3.1 AgRP fiber density decreases due to HFHS diet and ELS, and differs in males and females

To investigate the innervation of AgRP neurons in the VTA, an AgRP fiber density was determined. A synergic effect of condition, diet and sex was found to influence the AgRP fiber

density (condition * diet * sex: F1 = 11,305, P =

0.001; figure 2B). Interestingly, female ELS mice with HFHS diet showed a significant reduction in AgRP fiber density compared to female ELS mice with chow diet (post-hoc: P = 0.033; figure 1A). The same accounts for control males, in which a reduction is seen in the HFHS group compared to the chow group (post-hoc: P = 0.009). Moreover, ELS exposure in chow-fed males resulted in a lower AgRP area coverage than the control males (post-hoc: P = 0.013).
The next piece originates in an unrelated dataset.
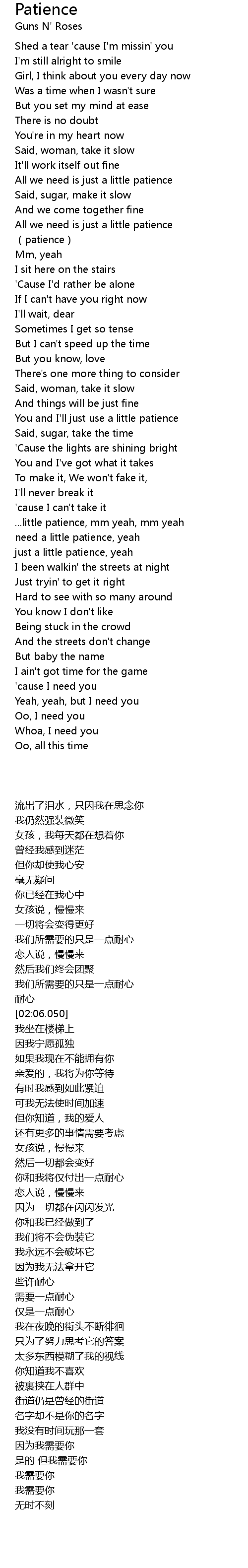 | [04:45.830] | need a little patience, yeah |
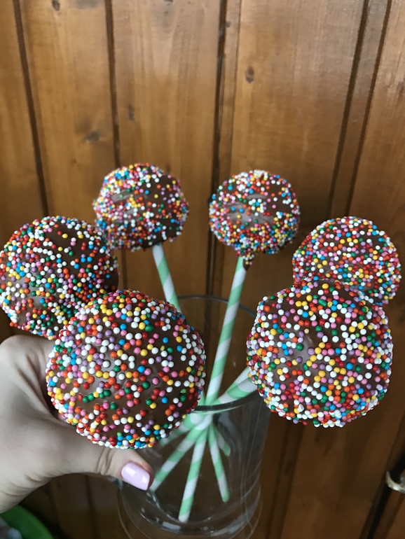 В растопленный шоколад окунула палочку, проткнула шарик до половины, заготовки постояли минут 10-15 (лучше убрать в холодильник, чтоб шоколад прихватился к палочке и попс не съехал с нее (у меня один соскочил). Ну а потом аккуратно погружаем попс в шоколад и стараемся чтоб он покрыл попс как можно ровнее (у меня криво получилось, но посыпка дефекты скрыла).

This was not the case in the female chow group

(post-hoc: P = 0.411). More sex differences were

detected, such as the ELS males with chow diet which have a significantly lower density than CTL female mice with chow diet and ELS female mice with HFHS diet (post-hoc: P = 0.030; P = 0.027). On the contrary, CTL males with chow diet showed a significantly higher AgRP coverage than CTL males with HFHS diet and ELS females with HFHS diet (post-hoc: P = 0.009; P = 0.016).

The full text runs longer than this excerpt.